I might say here that since I was not resident in my own country I belonged to no state and therefore state institutions were not easily open to me. Moreover, they had long waiting lists, and though I visited them, most of them were overcrowded and the children lived in strict routine. Oh, how my heart suffered for those big rooms of children sitting dully on benches, waiting!

“What are they waiting for?” I asked my guide one day.

“They aren’t waiting for anything,” he replied in surprise. “They’re just sitting. That’s all they want to do.”

“How do you know they wouldn’t like to do something more?” I asked.

He evaded the question. “We get them all up a couple of times a day and make them walk around the building.”

But I know the children were really waiting. They were waiting for something pleasant to happen to them. Perhaps they did not know they were waiting, but they were. I know now that there is no mind so dim that it does not feel pain and pleasure. These, too, were human beings — that, I perceived, was the important thing to understand, and many of those who cared for them did not understand it. The children who never grow are human beings and they suffer as human beings, inarticulately but deeply nevertheless. The human creature is always more than an animal.

That is the one thing we must never forget. He is forever more than a beast. Though the mind has gone away, though he cannot speak or communicate with anyone, the human stuff is there, and he belongs to the human family.

I saw this wonderfully exemplified in one state institution. When I first visited the place it was an abode of horror. The children, some young in body, some old, were apparently without any minds whatever. The average mental age was estimated at less than one year. They were herded together like dogs. They wore baglike garments of rough calico or burlap. Their food was given to them on the floor and they snatched it up. No effort was made to teach them toilet habits. The floors were of cement and were hosed two or three times a day. The beds were pallets on the floor, and filthy. There were explanations, of course. I was told that these children could be taught nothing, that they merely existed until they died. Worst of all to me was that there was not one thing of beauty anywhere, nothing for the children to look at, no reason for them to lift their heads or put out their hands.

Some years later I went back again. I had heard there was a new man in charge, a young man who was different. I found that he was different, and because he was, he had made the whole institution different. It was as crowded as ever, but wholly changed. It was like a home.

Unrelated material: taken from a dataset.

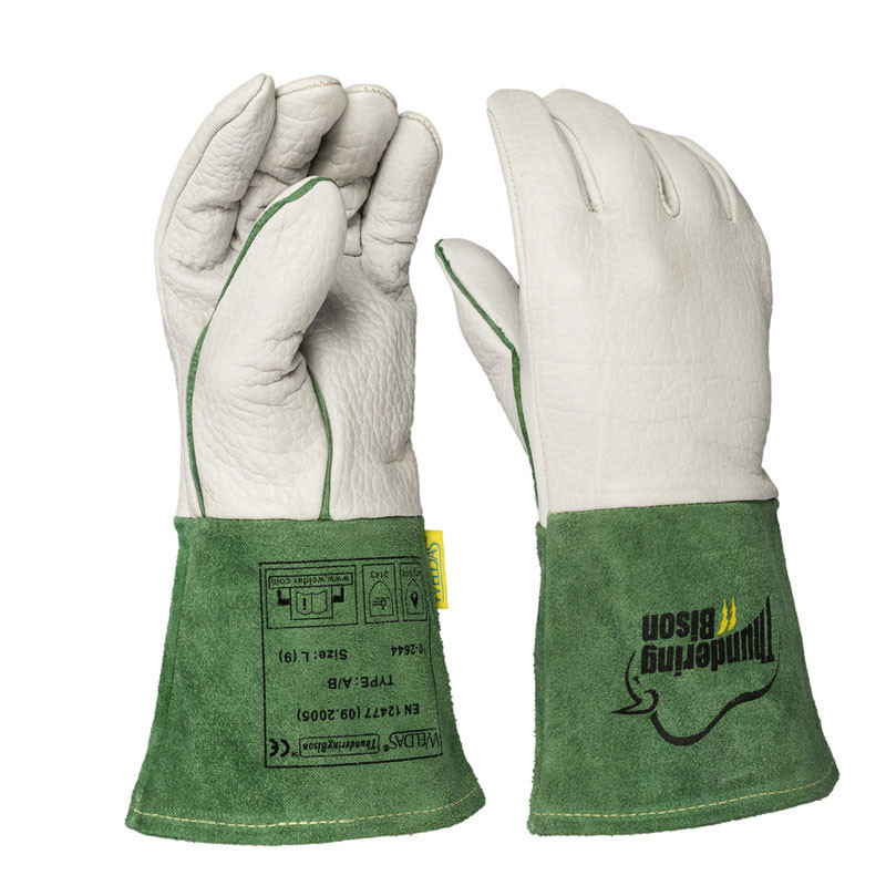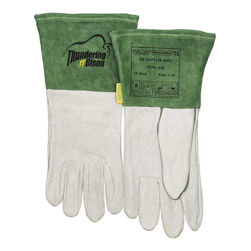 WELDAS Ръкавици за TIG заваряване 10-2644 ThunderingBison ™ с длан от бизонова кожа и маншет от цепена телешка кожа.

There were gay curtain at the windows and bright linoleum on the floors. In the various rooms the children had been segregated, babies were with babies, and older children with their own kind. There were chairs and benches and the children sat on them. There were flowers in the windows and toys on the floor. The children were decent and even wore pretty clothes, and they were all clean. The old sickening smell was gone. There was a dining room, and there were tables, on which were dishes and spoons and mugs.

“Are the children now of a higher grade?” I asked the young man.

“No,” he said, smiling, “many of them are the same children.”

“But I was told they could not be taught.”

“They can all be taught something,” he replied. “When they can’t manage alone, someone helps them.”